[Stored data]

[Start of section]

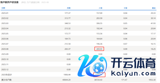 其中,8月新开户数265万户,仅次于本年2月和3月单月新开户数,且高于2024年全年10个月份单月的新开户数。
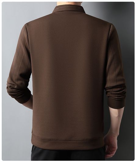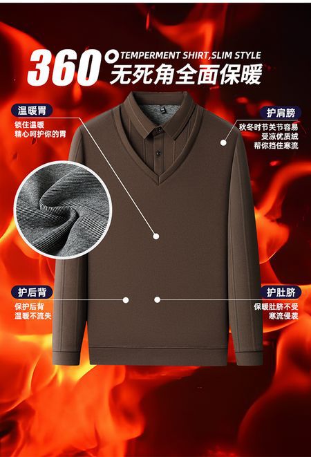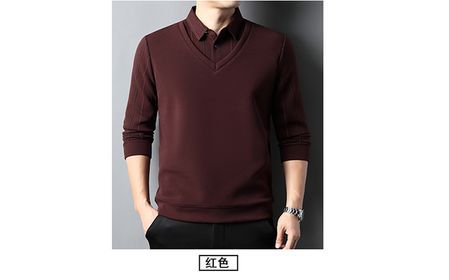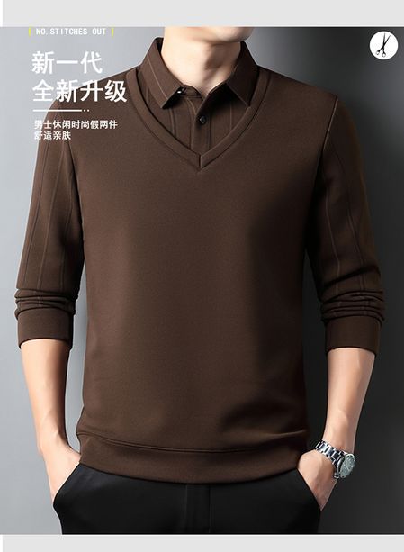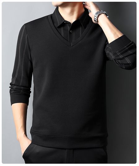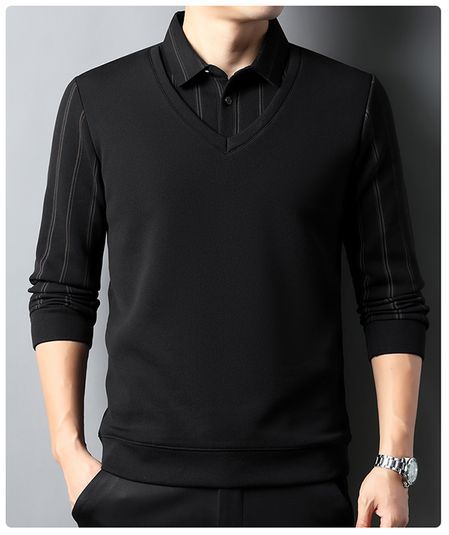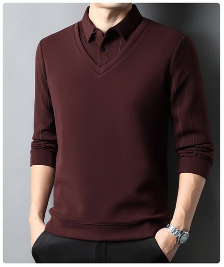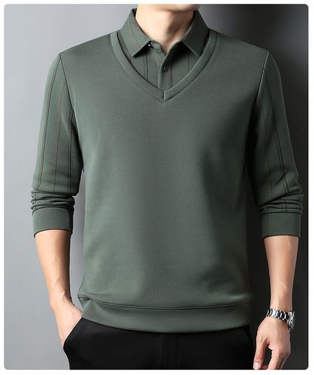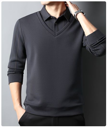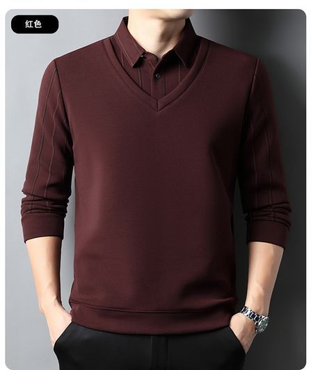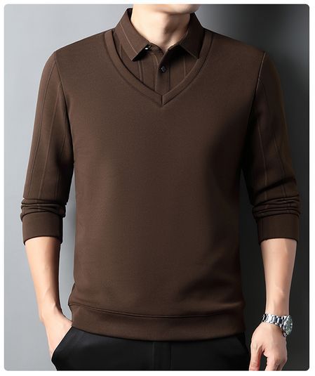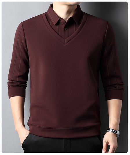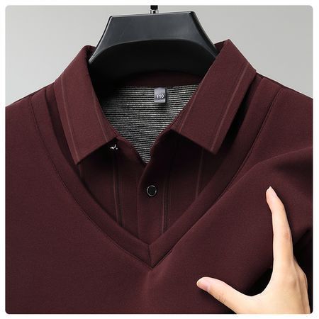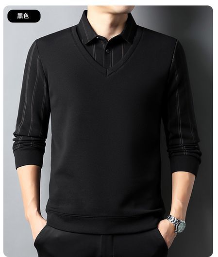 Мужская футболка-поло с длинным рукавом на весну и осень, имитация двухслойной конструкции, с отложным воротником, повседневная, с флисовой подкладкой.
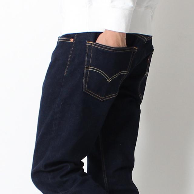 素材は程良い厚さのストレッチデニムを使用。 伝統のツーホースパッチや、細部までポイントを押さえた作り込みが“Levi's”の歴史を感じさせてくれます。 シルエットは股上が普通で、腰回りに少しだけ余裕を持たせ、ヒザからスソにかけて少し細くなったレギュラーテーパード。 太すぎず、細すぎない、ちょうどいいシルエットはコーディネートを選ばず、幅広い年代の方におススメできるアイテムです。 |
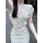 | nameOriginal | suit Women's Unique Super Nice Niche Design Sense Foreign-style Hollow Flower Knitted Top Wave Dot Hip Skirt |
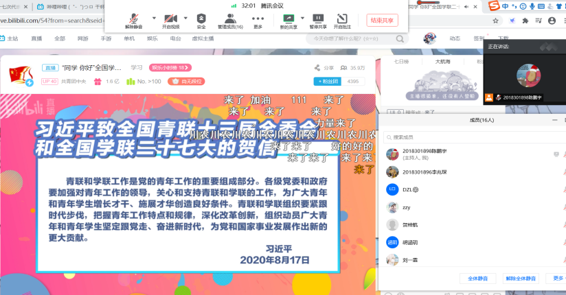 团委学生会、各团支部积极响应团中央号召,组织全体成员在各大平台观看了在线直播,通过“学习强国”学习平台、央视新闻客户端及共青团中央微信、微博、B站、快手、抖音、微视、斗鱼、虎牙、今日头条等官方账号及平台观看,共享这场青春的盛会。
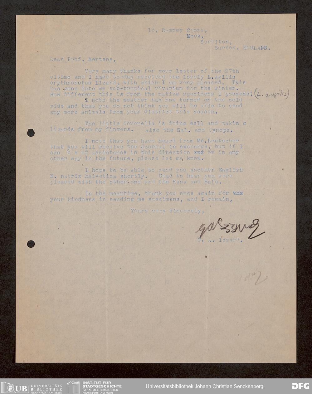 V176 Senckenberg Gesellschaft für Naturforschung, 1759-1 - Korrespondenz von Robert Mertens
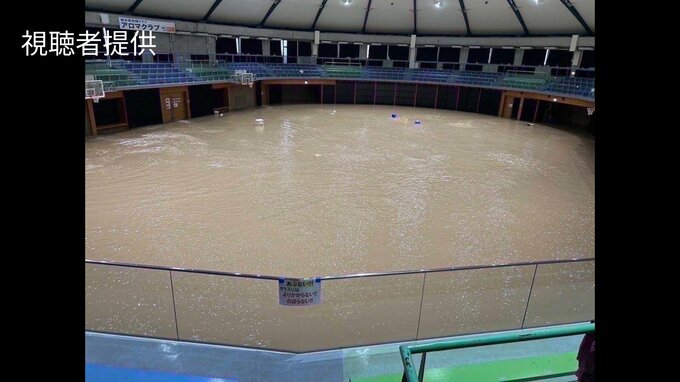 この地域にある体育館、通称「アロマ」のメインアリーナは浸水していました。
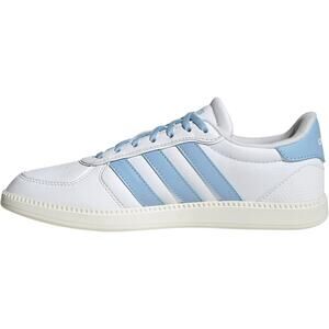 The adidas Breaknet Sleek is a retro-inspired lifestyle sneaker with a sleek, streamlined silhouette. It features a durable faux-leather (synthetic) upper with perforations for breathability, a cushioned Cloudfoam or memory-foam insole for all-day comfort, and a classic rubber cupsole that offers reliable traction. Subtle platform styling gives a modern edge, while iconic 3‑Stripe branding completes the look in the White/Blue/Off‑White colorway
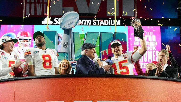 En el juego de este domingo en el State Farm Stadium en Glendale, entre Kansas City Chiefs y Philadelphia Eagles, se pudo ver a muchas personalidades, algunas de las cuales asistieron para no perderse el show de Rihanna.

[End of section]

Action item:
Up to and including the line containing "Мужская футболка-поло с", repeat every line from the start of the data, but none of the pictures.

Answer to the exercise:
 其中,8月新开户数265万户,仅次于本年2月和3月单月新开户数,且高于2024年全年10个月份单月的新开户数。
 Мужская футболка-поло с длинным рукавом на весну и осень, имитация двухслойной конструкции, с отложным воротником, повседневная, с флисовой подкладкой.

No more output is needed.